*** Data extracts ***

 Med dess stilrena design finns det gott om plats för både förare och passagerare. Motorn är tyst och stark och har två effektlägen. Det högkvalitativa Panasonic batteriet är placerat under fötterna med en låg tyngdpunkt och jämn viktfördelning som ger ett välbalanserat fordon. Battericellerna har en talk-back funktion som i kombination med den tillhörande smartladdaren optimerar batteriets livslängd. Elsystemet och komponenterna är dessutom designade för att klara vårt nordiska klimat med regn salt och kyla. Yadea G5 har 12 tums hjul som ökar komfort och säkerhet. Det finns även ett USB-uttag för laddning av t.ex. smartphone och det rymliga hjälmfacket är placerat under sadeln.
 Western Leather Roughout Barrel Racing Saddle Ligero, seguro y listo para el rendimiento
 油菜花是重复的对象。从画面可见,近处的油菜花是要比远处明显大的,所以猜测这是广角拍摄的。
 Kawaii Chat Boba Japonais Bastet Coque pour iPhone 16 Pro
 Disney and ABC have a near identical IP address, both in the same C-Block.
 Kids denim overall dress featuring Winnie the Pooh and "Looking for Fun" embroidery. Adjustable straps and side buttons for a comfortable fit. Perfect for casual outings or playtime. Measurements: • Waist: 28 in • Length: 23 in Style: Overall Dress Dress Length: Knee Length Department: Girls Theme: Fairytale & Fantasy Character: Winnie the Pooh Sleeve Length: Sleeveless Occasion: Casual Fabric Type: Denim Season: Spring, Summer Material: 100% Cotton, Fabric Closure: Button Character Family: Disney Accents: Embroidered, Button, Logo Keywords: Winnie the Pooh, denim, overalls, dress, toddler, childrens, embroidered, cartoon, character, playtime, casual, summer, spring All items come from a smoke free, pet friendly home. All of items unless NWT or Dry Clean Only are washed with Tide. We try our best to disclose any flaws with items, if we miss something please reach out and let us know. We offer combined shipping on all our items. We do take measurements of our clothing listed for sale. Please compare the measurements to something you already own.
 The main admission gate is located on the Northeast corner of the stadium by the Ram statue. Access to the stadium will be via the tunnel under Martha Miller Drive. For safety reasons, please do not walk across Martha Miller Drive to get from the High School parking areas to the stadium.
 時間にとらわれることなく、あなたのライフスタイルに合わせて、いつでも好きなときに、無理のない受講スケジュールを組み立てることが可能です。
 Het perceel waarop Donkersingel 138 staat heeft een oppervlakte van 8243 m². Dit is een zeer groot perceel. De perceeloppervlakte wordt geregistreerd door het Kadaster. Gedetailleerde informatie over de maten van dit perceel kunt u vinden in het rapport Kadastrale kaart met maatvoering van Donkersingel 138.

*** End of Data extracts ***

Retype the data in full and match it exactly.

:: Solution below ::
 Med dess stilrena design finns det gott om plats för både förare och passagerare. Motorn är tyst och stark och har två effektlägen. Det högkvalitativa Panasonic batteriet är placerat under fötterna med en låg tyngdpunkt och jämn viktfördelning som ger ett välbalanserat fordon. Battericellerna har en talk-back funktion som i kombination med den tillhörande smartladdaren optimerar batteriets livslängd. Elsystemet och komponenterna är dessutom designade för att klara vårt nordiska klimat med regn salt och kyla. Yadea G5 har 12 tums hjul som ökar komfort och säkerhet. Det finns även ett USB-uttag för laddning av t.ex. smartphone och det rymliga hjälmfacket är placerat under sadeln.
 Western Leather Roughout Barrel Racing Saddle Ligero, seguro y listo para el rendimiento
 油菜花是重复的对象。从画面可见,近处的油菜花是要比远处明显大的,所以猜测这是广角拍摄的。
 Kawaii Chat Boba Japonais Bastet Coque pour iPhone 16 Pro
 Disney and ABC have a near identical IP address, both in the same C-Block.
 Kids denim overall dress featuring Winnie the Pooh and "Looking for Fun" embroidery. Adjustable straps and side buttons for a comfortable fit. Perfect for casual outings or playtime. Measurements: • Waist: 28 in • Length: 23 in Style: Overall Dress Dress Length: Knee Length Department: Girls Theme: Fairytale & Fantasy Character: Winnie the Pooh Sleeve Length: Sleeveless Occasion: Casual Fabric Type: Denim Season: Spring, Summer Material: 100% Cotton, Fabric Closure: Button Character Family: Disney Accents: Embroidered, Button, Logo Keywords: Winnie the Pooh, denim, overalls, dress, toddler, childrens, embroidered, cartoon, character, playtime, casual, summer, spring All items come from a smoke free, pet friendly home. All of items unless NWT or Dry Clean Only are washed with Tide. We try our best to disclose any flaws with items, if we miss something please reach out and let us know. We offer combined shipping on all our items. We do take measurements of our clothing listed for sale. Please compare the measurements to something you already own.
 The main admission gate is located on the Northeast corner of the stadium by the Ram statue. Access to the stadium will be via the tunnel under Martha Miller Drive. For safety reasons, please do not walk across Martha Miller Drive to get from the High School parking areas to the stadium.
 時間にとらわれることなく、あなたのライフスタイルに合わせて、いつでも好きなときに、無理のない受講スケジュールを組み立てることが可能です。
 Het perceel waarop Donkersingel 138 staat heeft een oppervlakte van 8243 m². Dit is een zeer groot perceel. De perceeloppervlakte wordt geregistreerd door het Kadaster. Gedetailleerde informatie over de maten van dit perceel kunt u vinden in het rapport Kadastrale kaart met maatvoering van Donkersingel 138.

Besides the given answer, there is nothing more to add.